The train settings file is grouped into **four sections:**

### `data_settings`

These settings point to a saved dataset of waveform polarizations and describe the transforms to obtain detector waveforms. A detailed description of these settings is available [here](training_transforms.ipynb#building-the-transforms).

### `model`

This describes the model architecture, including network type and hyperparameters. All of these settings are described in the section on [](network_architecture.ipynb).

### `training`

This describes the training strategy. Training is divided into **stages**, each of which can differ to some extent. Stages are numbered (`stage_0`, `stage_1`, ...) and executed in this order. Each stage is defined by the following settings:

epochs
: Total number of training epochs for the stage. The network sees the entire training set once per epoch.

asd_dataset_path
: Points to an `ASDDataset` file. Each stage can have its own ASD dataset, which is useful for implementing a pre-training stage with fixed ASD and a fine-tuning stage with variable ASD.

freeze_rb_layer
: Whether to freeze the first layer of the embedding network in `nsf+embedding` models. This layer is seeded with reduced (SVD) basis vectors, so freezing this layer during pre-training simply projects data onto the basis coefficients.
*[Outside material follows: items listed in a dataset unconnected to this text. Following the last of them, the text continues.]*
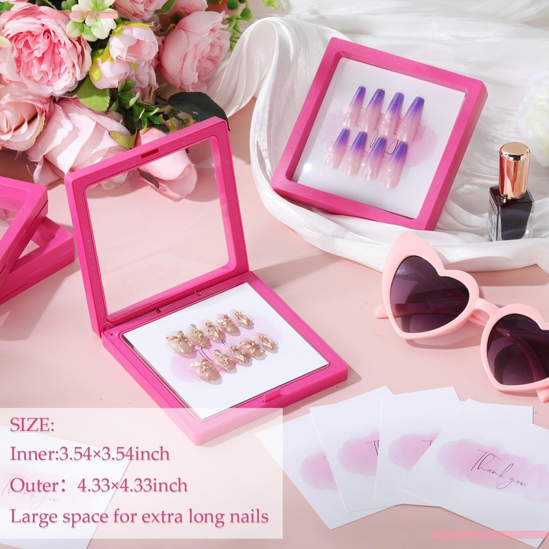 - Beautiful and Practical Combination Set: the press on nail organizer set comes with 30 pieces of 3D floating frame, 30 pieces of display card, 30 sheets of double sided nail tape (90 pieces), which are sufficient to meet your daily needs; Please note that faux nails tips are not included
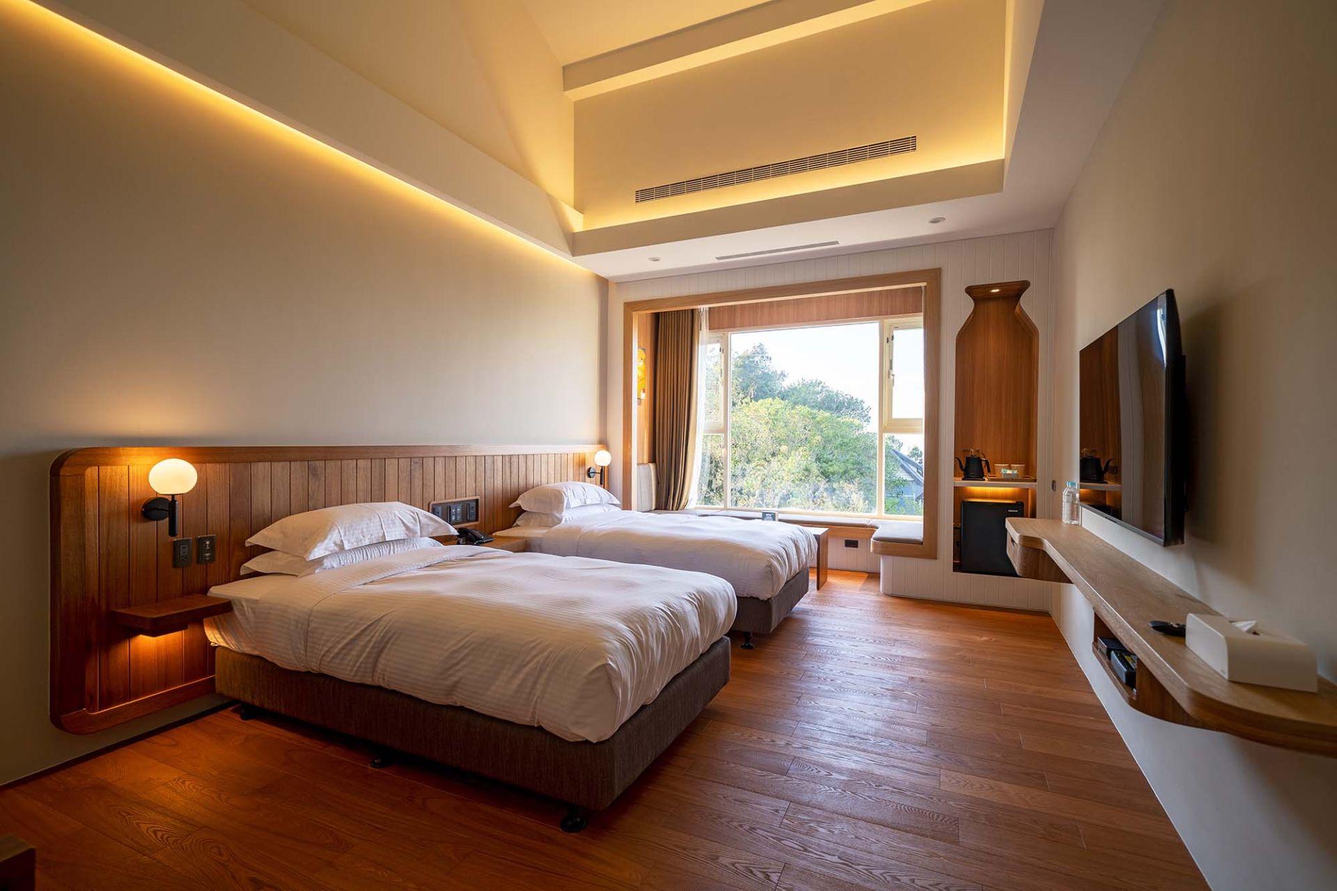 來到飛牛牧場,可以選擇旗下最新住宿-舞牛森度假飯店,住宿設有6款房型,最多可以4人同時入住,設計融合自然環境,「無印風」的設計乾淨企理,窗外風景仿如瑞士山區小鎮。今次入住的是「山采 雙人房」,房內有2張單人床、乾濕分離的浴室、TOTO免治馬桶、SONY 55吋4K電視等設施,配套絕對不輸市區酒店,房內Mini Bar可以隨意享用,住得滿意又舒適!餐飲選擇方面,設於酒店大堂的「森饗廳」提供全天候餐飲服務,早午晚三餐都可以在此用餐,早餐可選台式或西式,份量十足;晚餐則運用台灣食材並揉合西式烹調手法,擺盤精緻,味道有水準。
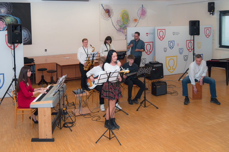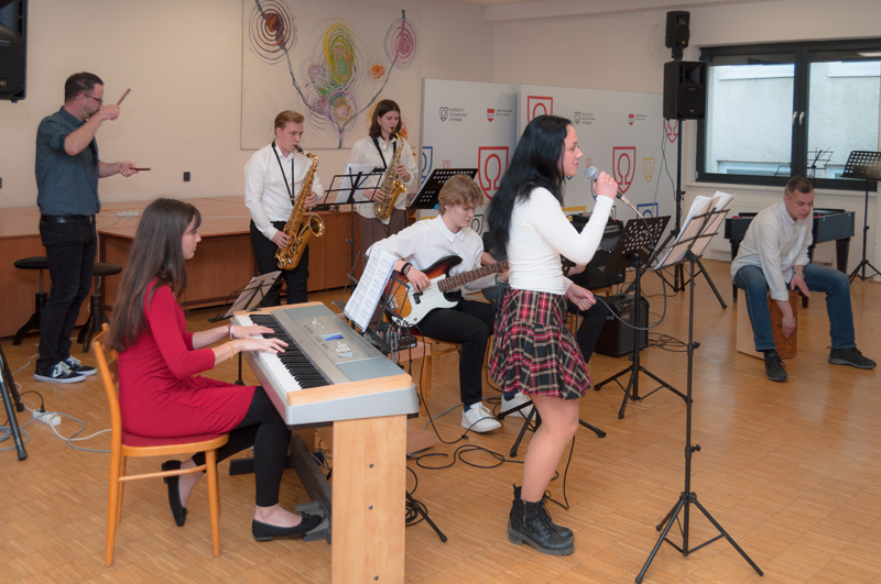 Finále pop koncertu patřilo Kapele populární hudby a zpěvu, umělecky a pedagogicky vedené p. učitelem Vítem Procházkou.
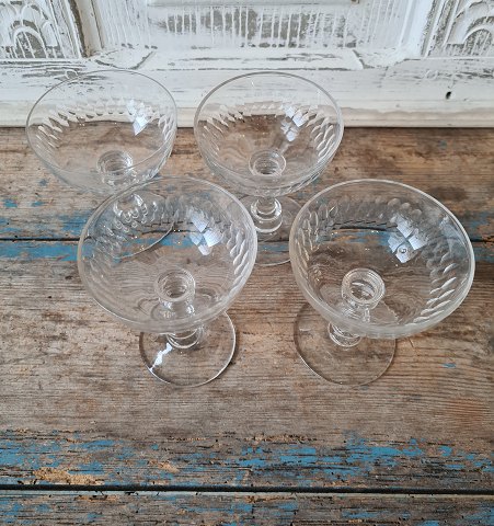 Sæt på fire smukke franske champagne skåle dekoreret med oliven slibninger.
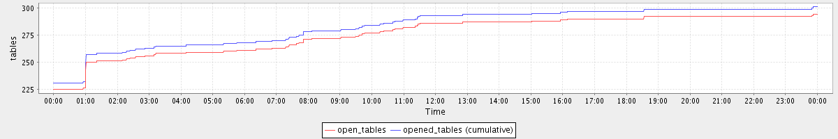 avg(open_tables) = 275.92 avg(opened_tables (cumulative)) = 282.88
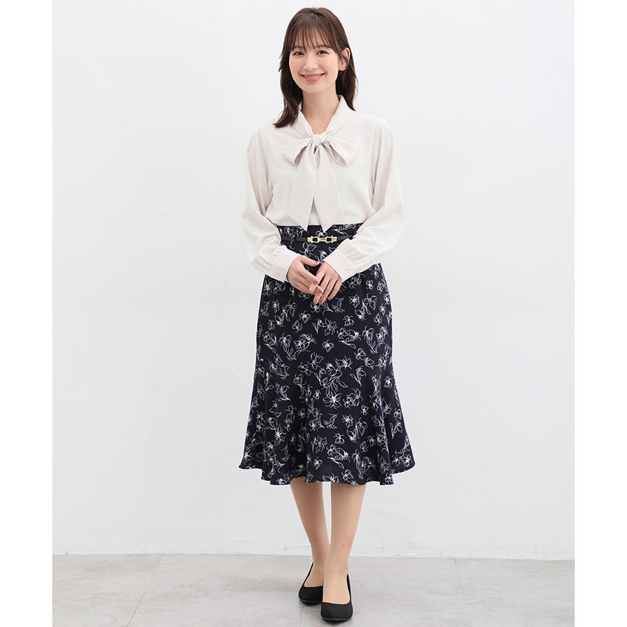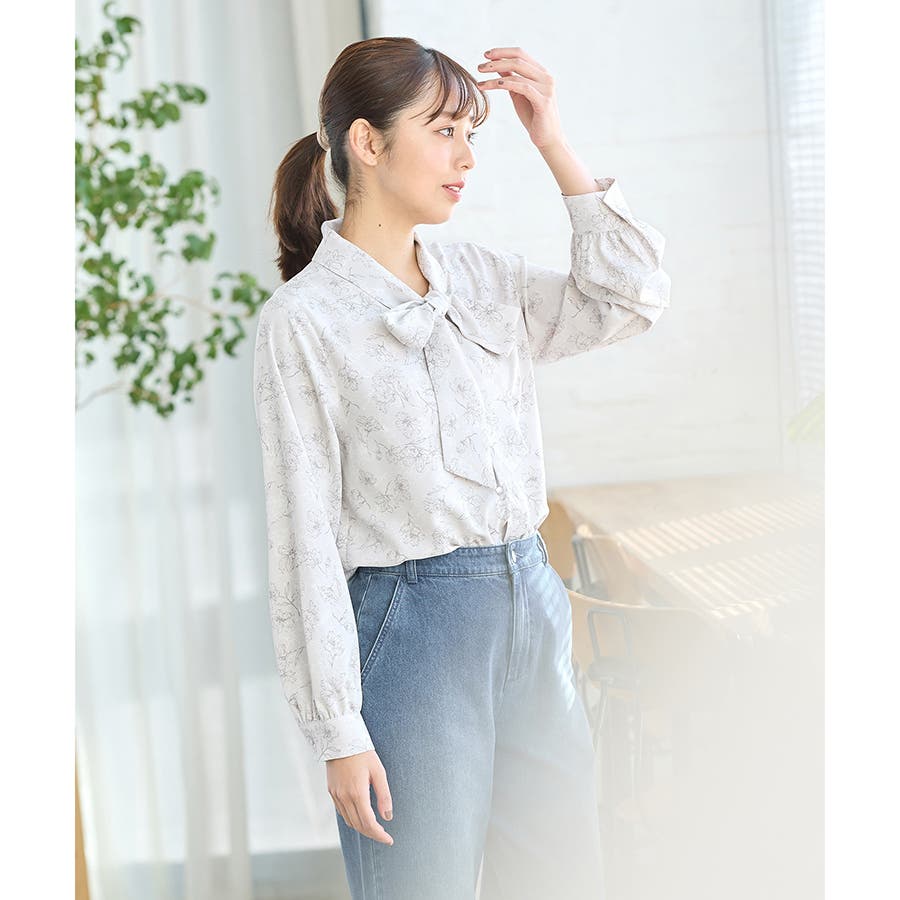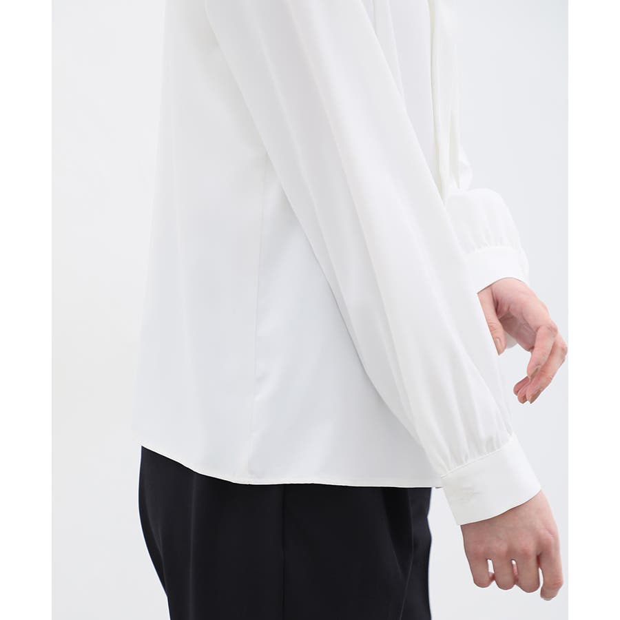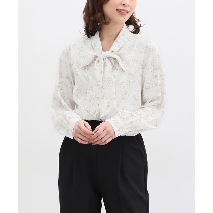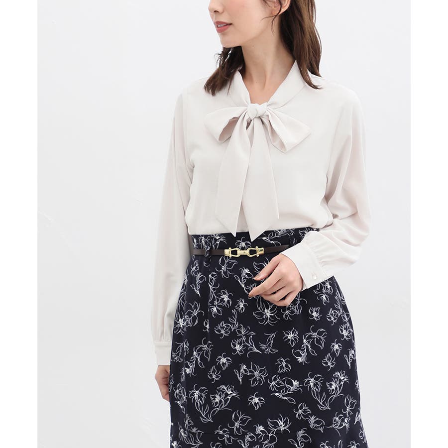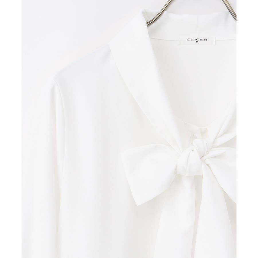 存在感があるボウタイリボンと、程よいボリューム袖がフェミニンなデザイン。
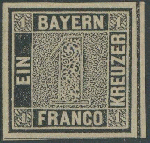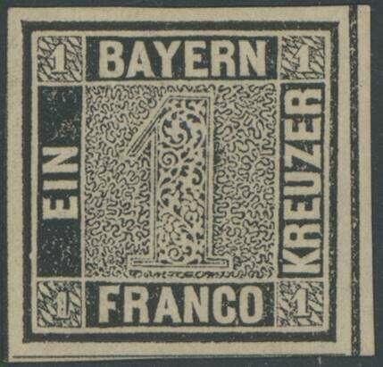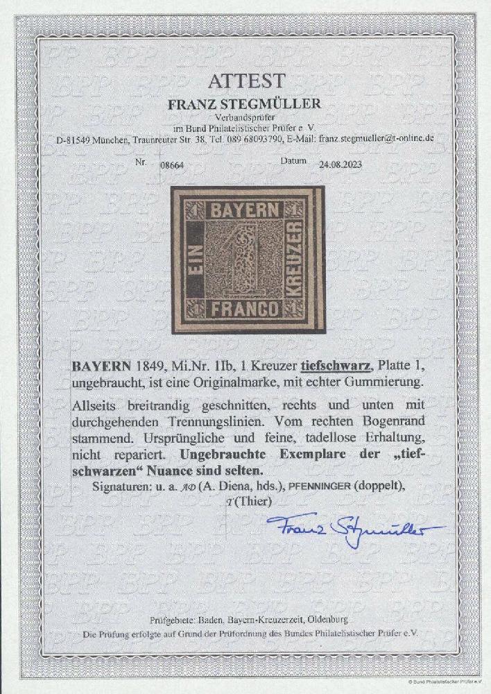 | Zusatzinformationen und Suchstichworte: | Ulrich Felzmann 179. Auktion 16. November 2023 Los 2050 Altdeutschland Bayern 1 Kreuzer tiefschwarz, Platte 1, allseits breitrandiges und farbfrisches Kabinettstück vom rechten Bogenrand, unten volle Trennungslinie, ungebraucht mit Originalgummierung, sign. Diena, Pfenninger und Thier sowie Fotoattest Stegmüller BPP "Ursprüngliche und feine, tadellose Erhaltung ... Ungebrauchte Exemplare der tiefschwarzen Nuance sind selten.", € 3.500,- Ausruf 1.500,00 EUR |
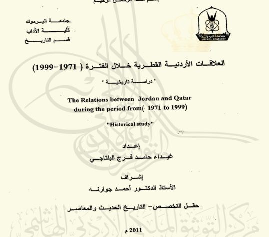قدمت هذه الرسالة استكمالاً لمتطلبات الحصول على درجة الدكتوراه في التاريخ الحديث والمعاصر، جامعة اليرموك
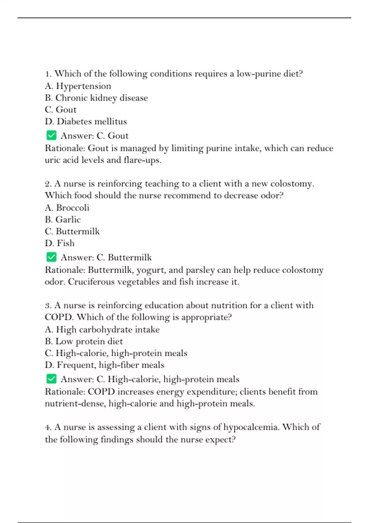 Rationale: Gout is managed by limiting purine intake, which can reduce
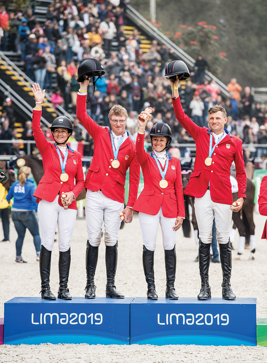 Left to right: Tamie Smith, Doug Payne, Lynn Symanski, and Boyd Martin won team gold at the 2019 Pan American Games in Lima, Peru. Photo by Shannon Brinkman
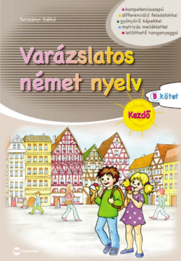 A Varázslatos német nyelv című sorozat kompetenciaalapú, differenciáló, játékos feladatokkal nyújt segítséget a német nyelv elsajátításához 6-8 éves tanulóknak. A kötet fejleszti a tanulók nyelvi készségeit, és egyszerűen alkalmazható alapszókincset hoz létre. A gyerekek életkorának megfelelő, játékos, változatos feladataival, ábráival hozzájárul a tanulási kedv felkeltéséhez és fenntartásához. Gyakorlatai jól szolgálják a gyerekek fejlesztését, általuk formálódik, gazdagodik tudásuk. A kiadvány egyes feladataihoz matricákat mellékeltünk, amelyeket a helyes megoldások esetén kapnak a tanulók. Érdemes tehát hibátlanul dolgozni, összegyűjteni valamennyit, mert a megszerzett matricák egy nagy meglepetés részei lesznek. A letölthető hanganyag biztosítja a kötet szavainak elsajátítását, hallás utáni megértését. A kötet feladatainak megoldásai és a hanganyag kiadónk honlapján (www.maximkiado.hu) érhetőek el. A feladatok alkalmasak az iskolai tananyag elmélyítésére, kiegészítésére és a biztos nyelvi készség kialakítására az iskolában és otthon egyaránt.
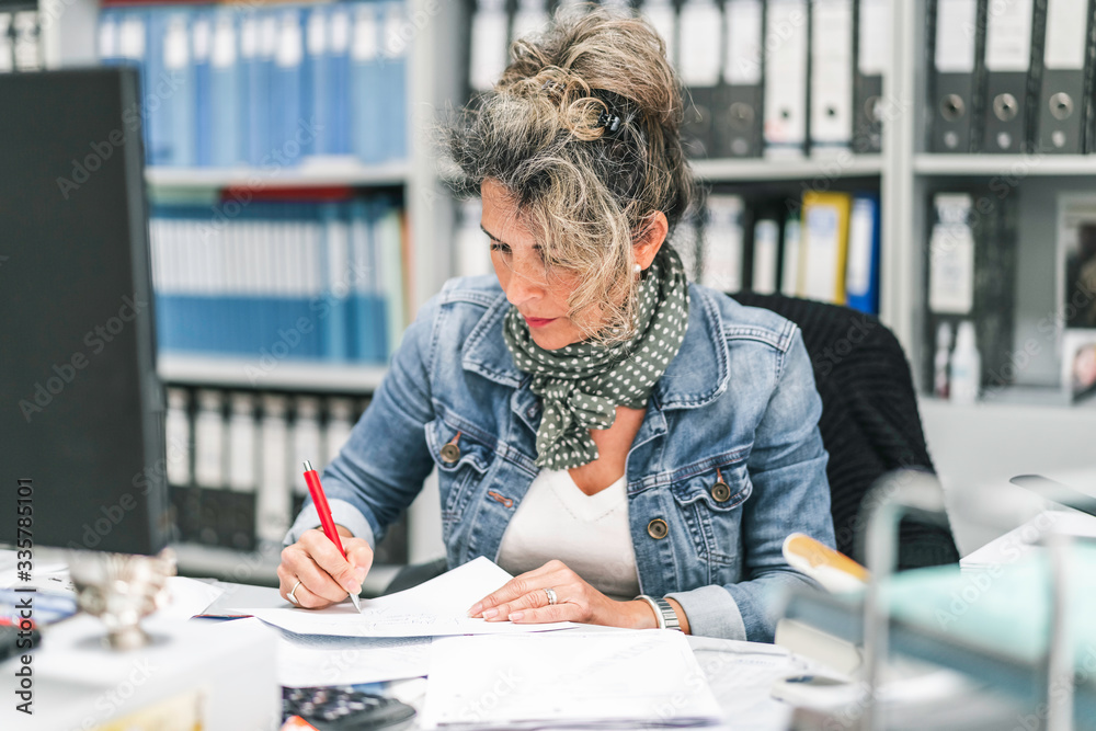 Mujer escribiendo en un papel en una oficina con archivadores de fondo.

In the fine-tuning stage, when other weights are more stable, unfreezing this can be useful.

optimizer
: Specify [optimizer](https://pytorch.org/docs/stable/optim.html) type and parameters such as initial learning rate.

scheduler
: Use a [learning rate scheduler](https://pytorch.org/docs/stable/optim.html#how-to-adjust-learning-rate) to reduce the learning rate over time. This can improve overall optimization.

batch_size
: Number of training samples per mini-batch. For a training dataset of size $N$, then each epoch will consist of $N / \text{batch_size}$ batches. Generally training will be faster for a larger batch size, but will require additional iterations.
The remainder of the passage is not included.